An intersection of two pronormal subgroups of a group need not be pronormal.

Definitions used

Pronormal subgroup

Further information: pronormal subgroup

A subgroup H of a group G is termed pronormal in G if, given any g \in G, H and g^{-1}Hg are conjugate in the subgroup they generate.

Facts used

  1. Join with any distinct conjugate is the whole group implies pronormal

Proof

The example of the symmetric group

Further information: symmetric group:S4

Let G = S_4 be the symmetric group on the set \{1,2,3,4\}. Let K = \{ (), (1,2)(3,4), (1,3)(2,4), (1,4)(2,3) \} be the subgroup comprising the identity and double transpositions. Let H = \{ (), (1,2), (3,4), (1,2)(3,4) \} be the subgroup generated by two disjoint single transpositions. Then, H \cap K = \{ (), (1,2)(3,4) \} is a two-element subgroup.

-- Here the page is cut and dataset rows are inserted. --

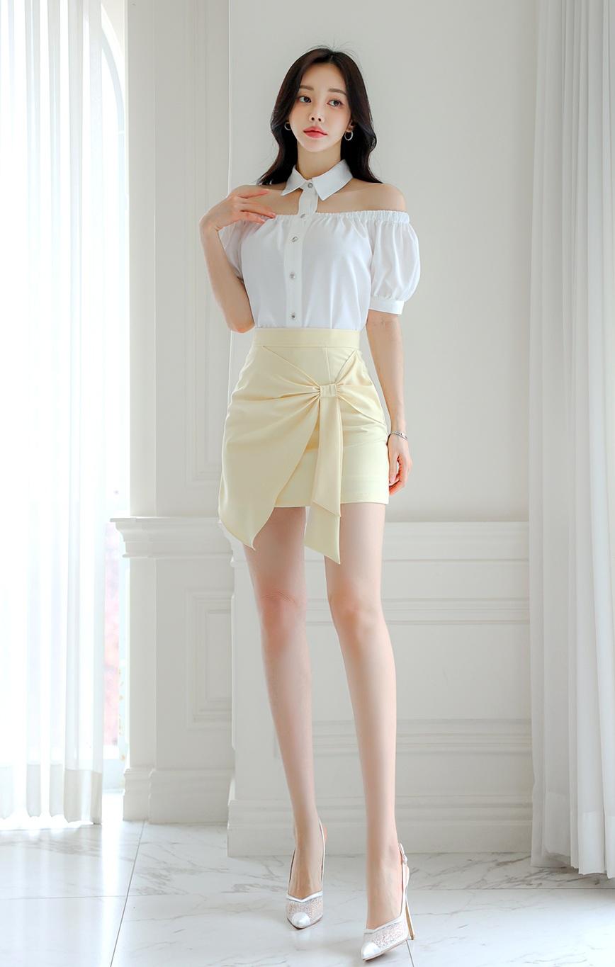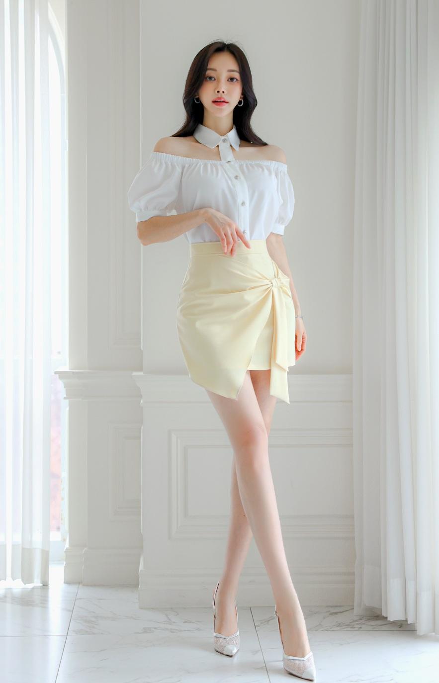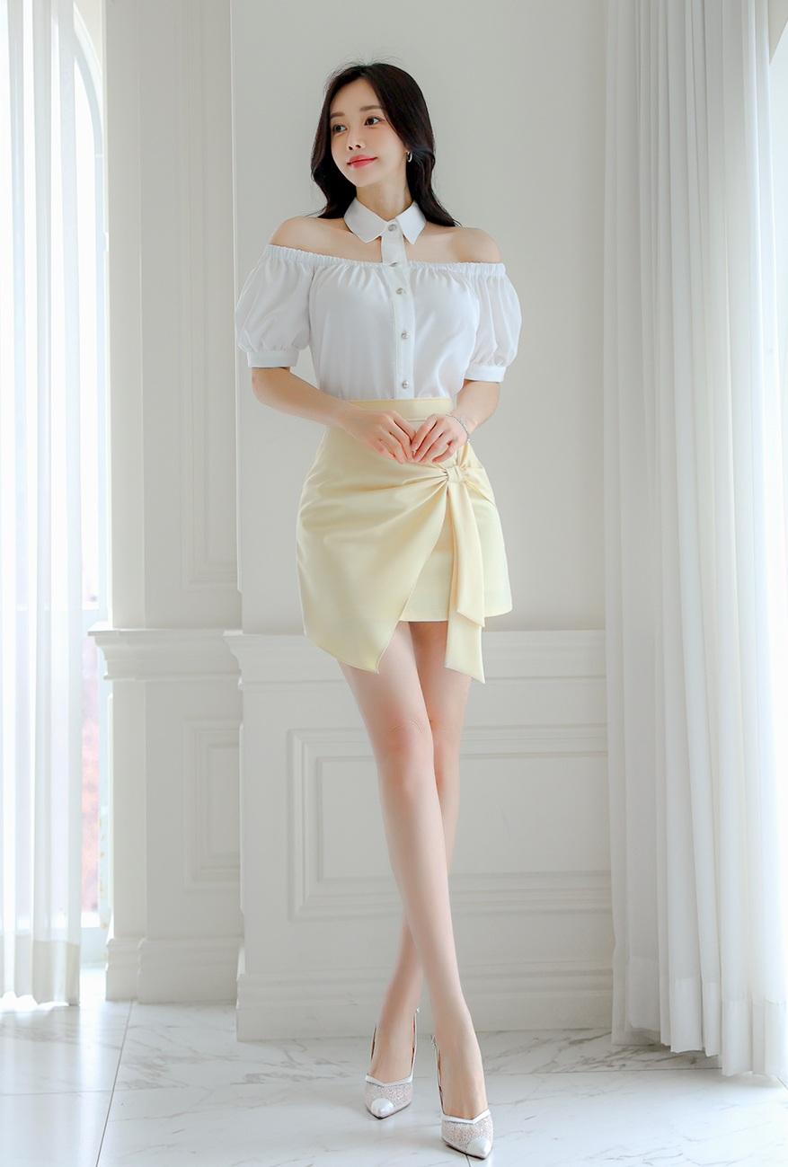优雅白衬衫+黄色短裙,气质满满!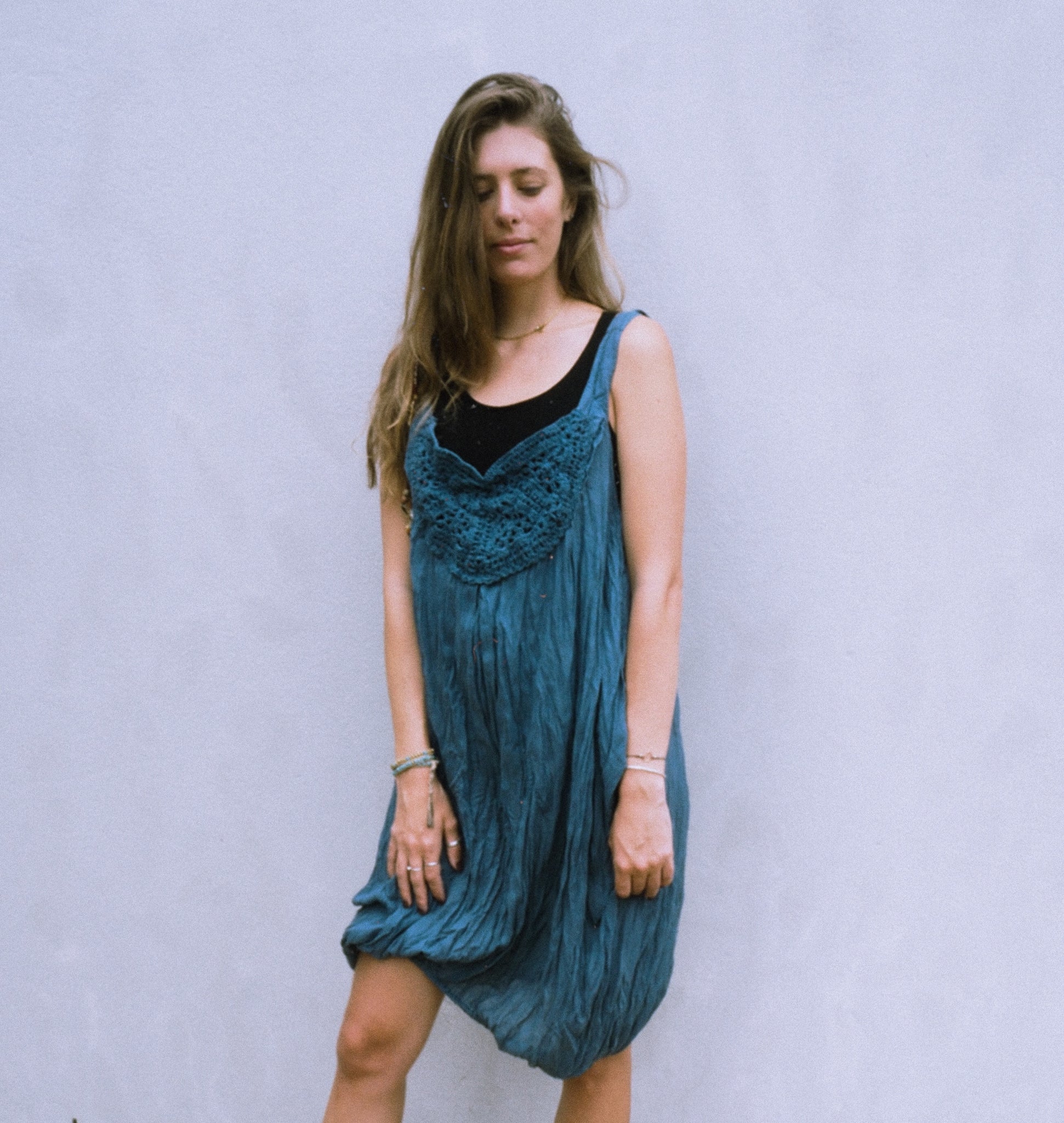 100% crinkle cotton, in a divine sea-blue shade. Beautiful crotchet on an open neckline; sleeveless with an interesting winged detail and two buttons securing the armholes. This unusual dress has an elasticated hemline, giving it a bubble feel.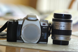 35 мм зеркальная автофокусная фотокамера PentaxMZ-30 отAsahiOptical Сo., Ltd. Удачное сочетание режимов Picture, легкости в управлении фотокамерой и относительно невысокой стоимости делают её прекрасным выбором для новичка. Программные режимы Picture, уже получившие широкую признательность, активизируются простым поворотом переключателя режимов. Большую свободу при выборе экспозиции обеспечивает наличие таких экспозиционных режимов, как режим приоритета диафрагмы АЕ, режим приоритета выдержки АЕ и ручной режим. Среди других полезных особенностей MZ-30 можно перечислить универсальную широкозонную систему автофокуса, автоматический подъём встроенной вспышки и режим уменьшения эффекта “красных глаз”, большую ЖКИ панель, яркий видоискатель с диоптрийной коррекцией и дисплеем полной информации, режим наложения кадров и функцию экспопамяти. Является одной из самых компактных и лёгких зеркальных автофокусных фотокамер. Pentax «MZ-7» — однообъективный зеркальный фотоаппарат. Был рассчитан на 35-миллиметровую плёнку. Производился с 1999 по 2001 год в чёрном и чёрно-серебристом исполнении. В США фотоаппарат известен под названием «ZX-7» и производился в чёрно-серебристом исполнении.Режимы: M(ручной), Av(приоритета диафрагмы), Tv (приоритет выдержки), P(режим программной линии), Auto-Picture, Paction, Pclose-up, Plandscape, Pnight-scene и Pportrait.Встроенный TTL-экспонометр.Экспокоррекция ±3 EV с шагом 1/2 EV.Блокировка экспозиции.Автоспуск — 12 сек.Электронный затвор из металлических ламелей с вертикальным ходом 30 — 1/2000 сек, В.Питание 6 Вольт: 2 элемента CR2. Дополнительно может быть использован батарейный блок «Fg» с 4 элементами AA.Моторная протяжка плёнки с возможностью серийной съемки до 2 к/сек.Обратная перемотка плёнки. Функция может срабатывать автоматически при окончании плёнки или вызываться вручную.Отображение выдержки и положения диафрагмы в видоискателе.ЖКИ-дисплей на верхней панели корпуса.Панорамная съемка. 2000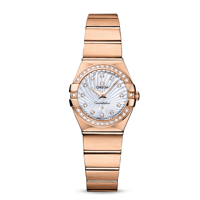 镜面材质 | 蓝宝石水晶玻璃 | 表盘 | 银白色表盘 18K红金表殼配備飾 有鑲鑽的表圈 镶钻时标 |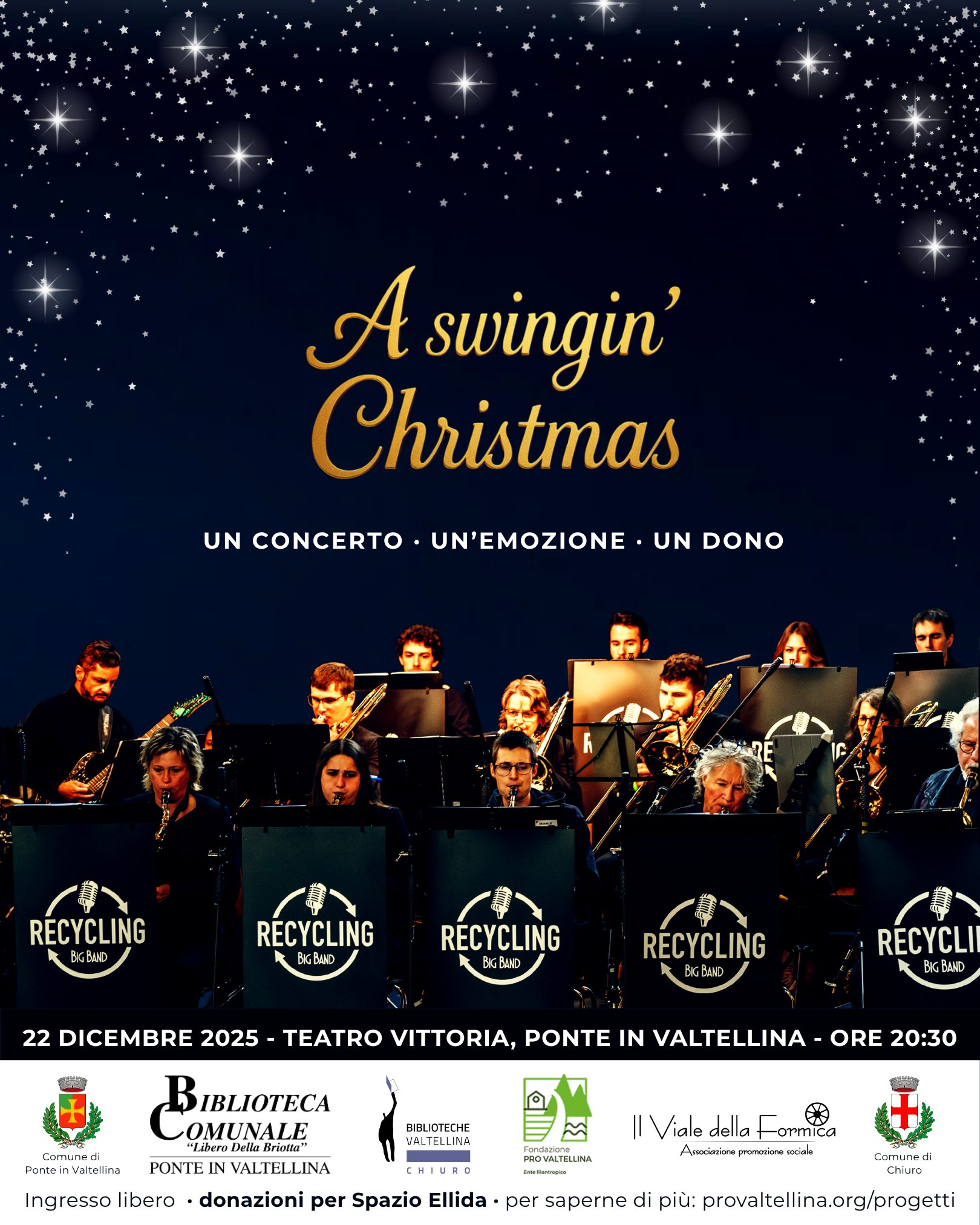un Natale a suon di jazz con la Recycling Big Band di Brusio, concerto di Natale organizzato dalla biblioteca comunale di Chiuro, in collaborazione con la biblioteca "Libero della Briotta" di Ponte in Valtellina: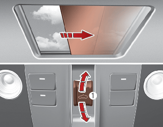 파노라마 선루프가 닫힌 상태에서 파노라마 선루프 조절 레버를 앞쪽으로 밀거나 아래로 당기면 블라인드가 슬라이딩 되면서 닫힙니다.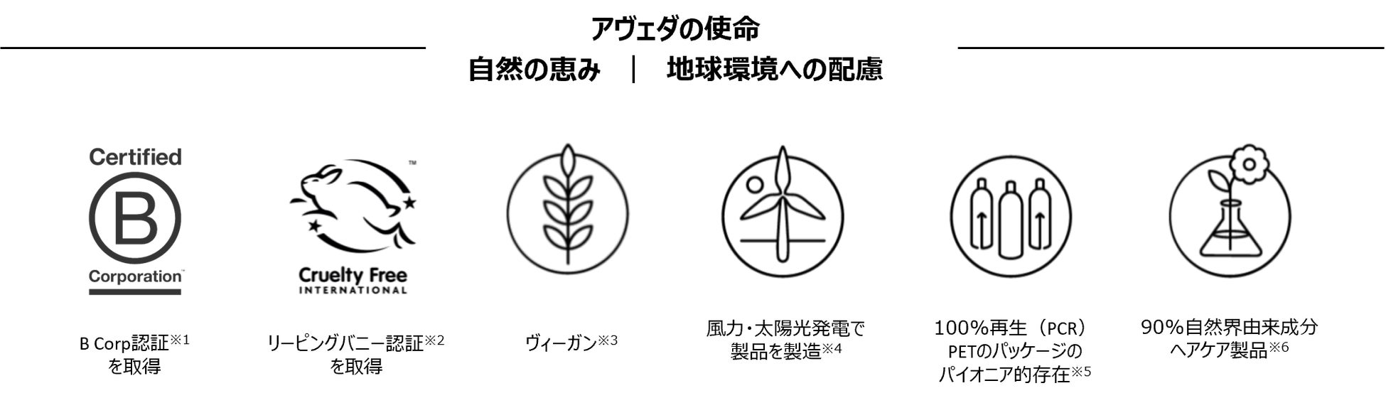 ※1 www.bcorporation.net 米国の非営利団体B Labにより、環境や社会に配慮した公益性の高い企業に付与される国際認証です。※2 リーピングバニー認証とは、クルエルティフリー・インターナショナルによって、製品開発~製造工程で動物実験を行っていないブランドに付与される、国際的に認められている最高水準の認証です。 ※3 動物実験も行わず、動物由来成分も使いません。 ※4 製品の製造には、(米国の)再生可能エネルギークレジットやカーボンオフセットを通じてアヴェダの太陽電池や風力エネルギーによる電力が供給されています。更に、工場施設において、2023年末までに、ULスキームによるごみ廃棄場のシルバーゼロ ウェイスト認証を取得できるよう取り組んでいます。※5 85%以上のスキンケアおよびヘアスタイリングのPETパッケージとジャー容器は再生(PCR)PETを100%使用しています。 またアヴェダは美容業界において、100%再生(PCR)PETパッケージを採用した初めての化粧品会社です。※6 自然界由来成分とはISO16128の自然由来原料の定義に基づいたもので、成分の由来の大半が植物、非石油系ミネラル、または水であることを意味します。また、90%は、アヴェダヘアケア製品のアヴェダが算出したおおよその値です。

  • K is pronormal: In fact, K is a normal subgroup of G.
  • H is pronormal: Any conjugate of H is either equal to H or intersects H trivially, in which case they generate the whole group (in other words, H is a subgroup whose join with any distinct conjugate is the whole group). Thus, H is pronormal in G (See fact (1)).
  • H \cap K is not pronormal: Indeed, this subgroup and a conjugate of it generate the subgroup K, within which they are not conjugate.